Dutch civil service pension giant ABP says it was among the buyers of Belgium’s inaugural sovereign green bond.
The €409bn fund has announced it invested €360m in 15-year green bonds from the Belgian state, which aims to use the proceeds to combat climate change.
The 1.25%, €4.5bn issue matures on April 22 2033, according to the Belgian Debt Agency. Belgium is rated Aa3/AA/AA-. Belgian sovereign bonds are known as OLOs (Obligation Linéaire).
The agency said that joint leads and book runners were Barclays, BNP Paribas Fortis, Crédit Agricole CIB, ING and JP Morgan. The co-lead group comprised Citi, KBC Bank, Morgan Stanley, Nomura International and SG CIB. The selling group was ABN-Amro, Belfius, Rabobank and Scotia Capital.
The Green OLO framework was presented to the investor community recently with a pan-European roadshow.In July last year ABP invested more than €100m in French sustainable transport bonds from rail company SNCF Réseau.
Separately, the Madrid stock exchange, the Bolsa de Madrid, said it has admitted new 10-year sustainable bonds worth €1bn issued by the Madrid regional government.
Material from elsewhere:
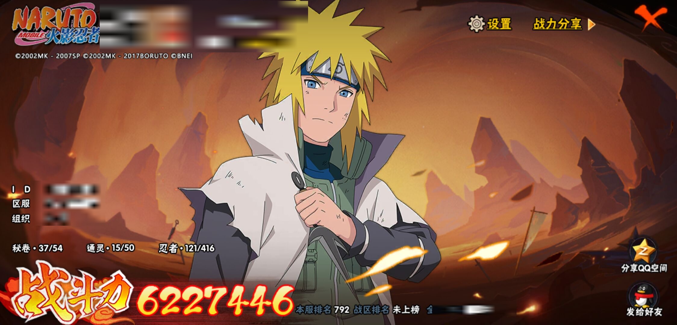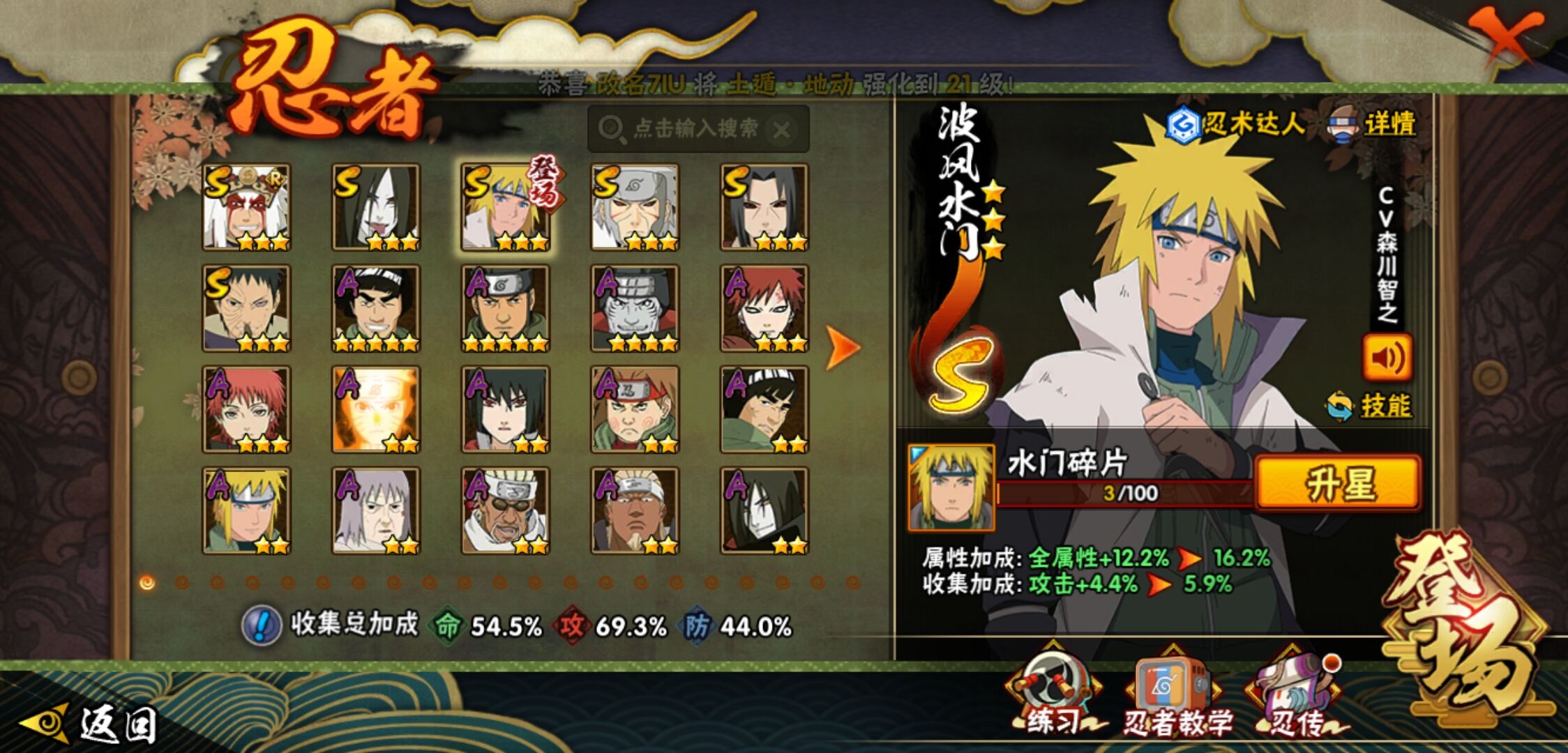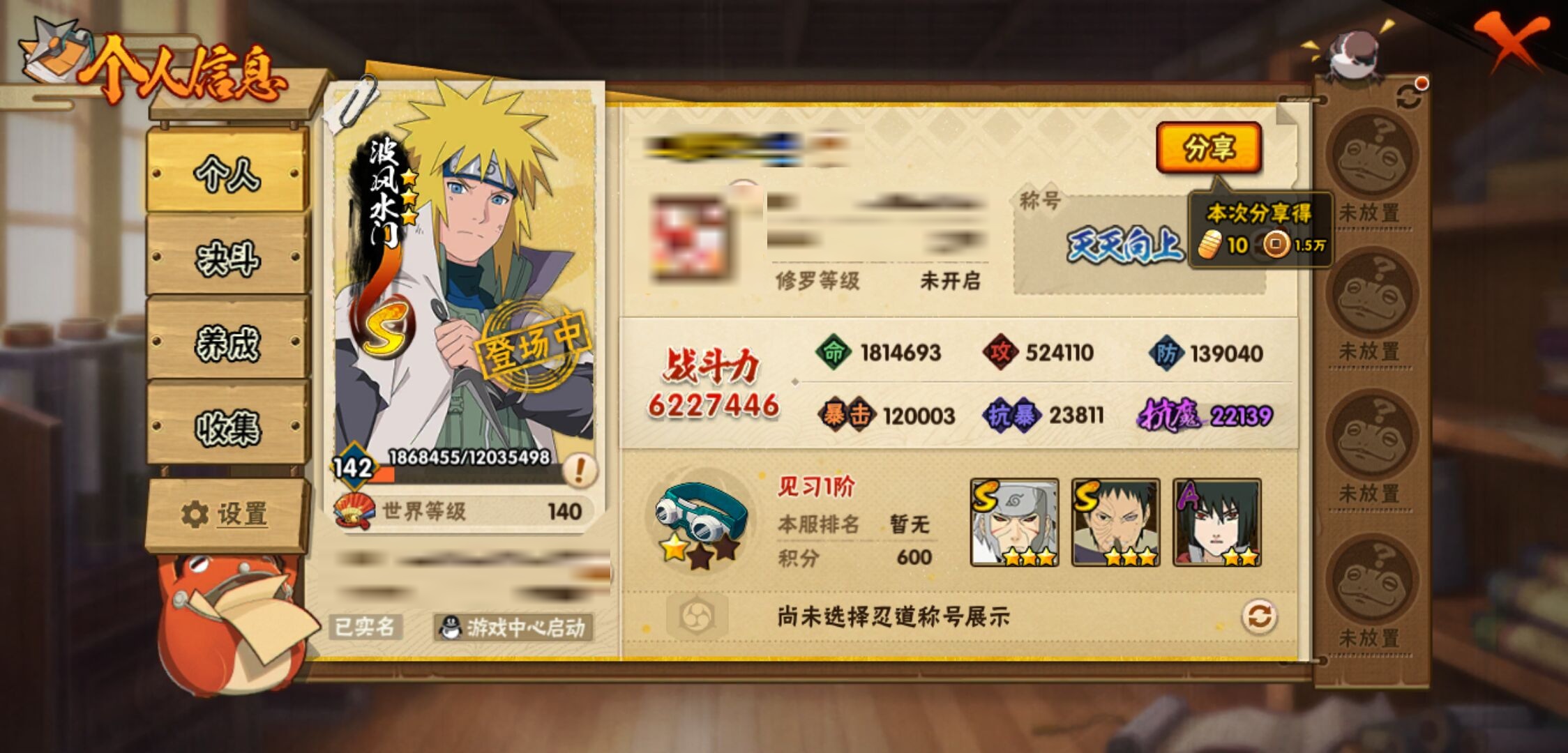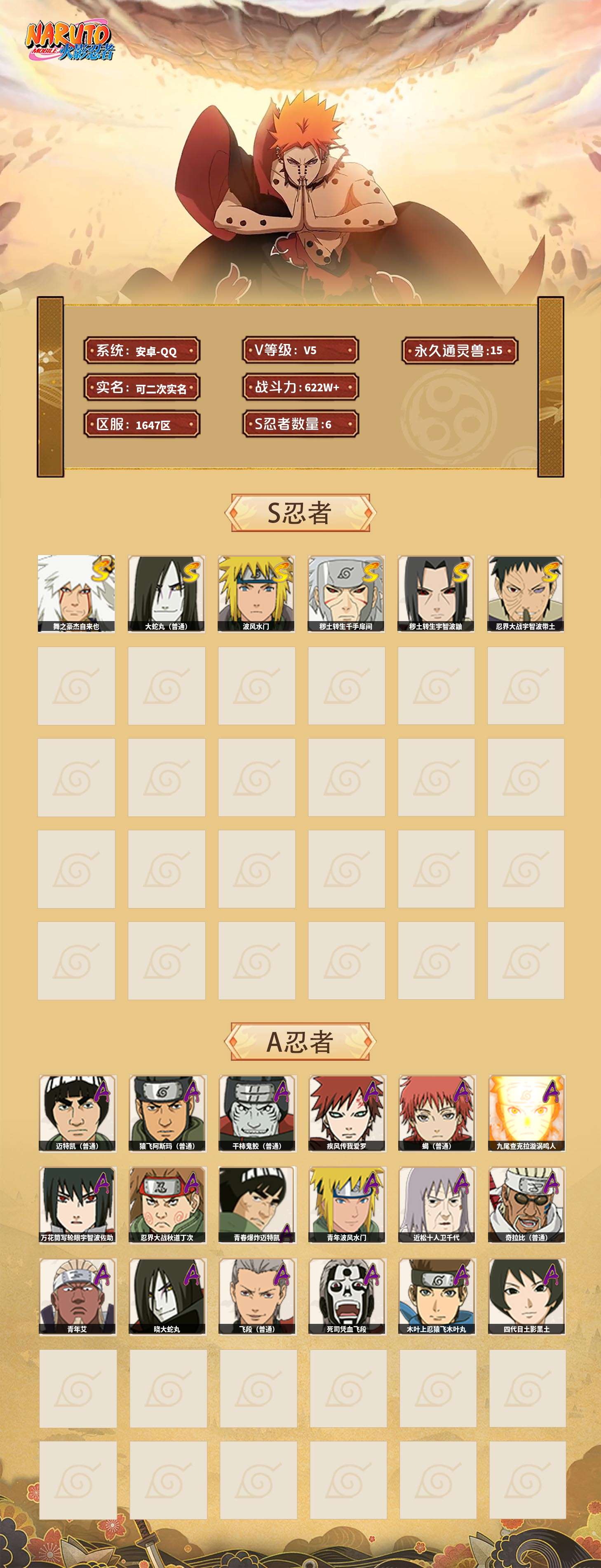 【火影忍者】【lyhy9094】战斗力:622w;段位:见习1阶;本服排名:792;vip:v5级;s忍:6个;a忍:18个;通灵兽:15个,s忍:舞之豪杰自来也|大蛇丸(普通)|波风水门|秽土转生千手扉间|秽土转生宇智波鼬|忍界大战宇智波带土__a忍:迈特凯(普通) 5星|猿飞阿斯玛(普通) 5星|干柿鬼鲛(普通) 4星|疾风传我爱罗 3星|蝎(普通) 3星|九尾查克拉漩涡鸣人 3星|万花筒写轮眼宇智波佐助|忍界大战秋道丁次|青春爆炸迈特凯|青年波风水门|近松十人卫千代|奇拉比(普通)|青年艾|晓大蛇丸|飞段(普通)|死司凭血飞段|木叶上忍猿飞木叶丸|四代目土影黑土__通灵兽:忍犬(普通)|蓝蛇|蛤蟆吉|忍龟|镰鼬|猿魔|山椒鱼|蜃|蛤蟆仙人|鲛鲨|蛤蟆健|乌鸦(普通)|蛤蟆龙|砂之守鹤|蛤蟆广
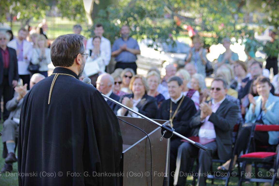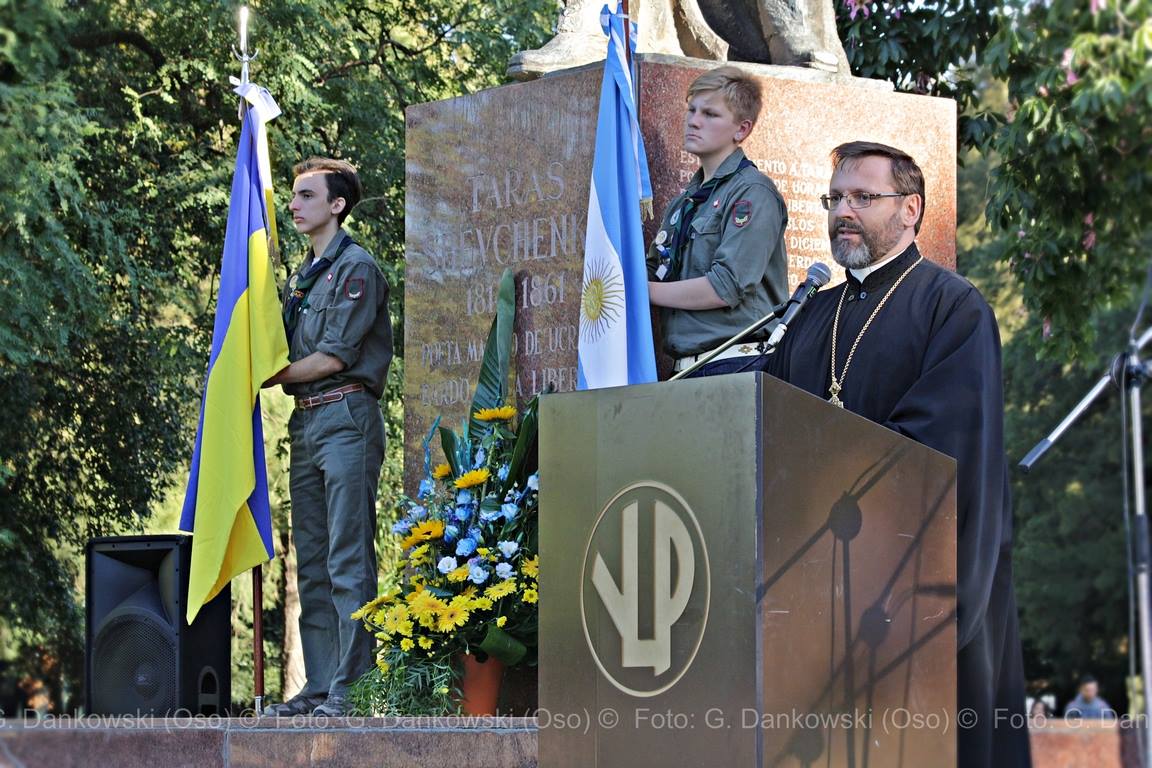 El acto fue organizado por la Representación Central Ucrania en la República Argentina, por la Fundación Tarás Shevchenko y por la Embajada Ucrania en la Argentina. Al inicio del festejo, el Embajador de Ucrania en la Argentina, Yurii Diudin, el Presidente del Consejo Superior de la Representación Central Ucrania (RCU), Ing. Jorge Iwanyk, y el Presidente de la Fundación Tarás Shevchenko, Ing. Iván Poloz, depositaron una ofrenda floral al pie del monumento al Gran Kobzar. Luego los participantes entonaron los himnos nacionales de la República Argentina y de Ucrania. Durante el evento el Patriarca Sviatoslav, el Embajador de Ucrania, Yurii Diudin, y el Vicepresidente de la Fundación Tarás Shevchenko, Miguel Kluba, se dirigieron a la audiencia con sendos discursos, en los cuales señalaron el destacado papel del Bardo y Profeta ucranio en el desarrollo del Estado Ucraniano, en la formación de la ideología nacional, cuya base es la Ucrania independiente y soberana.

Their annual coupon, or interest rate, is 1.773%.
BBVA, Barclays, HSBC, ING and Santander were Joint Bookrunners, the exchange said – adding this is the third issue of sustainable bonds of the Madrid region to be admitted to trading on BME´s Fixed Income market in the last two years, amounting to €1.7bn in all.
It went on to say that the new bond is issued within the framework of the United Nations’ Sustainable Development Goals that includes use of funds for projects on health, education, social services, promotion of employment, public transport and housing.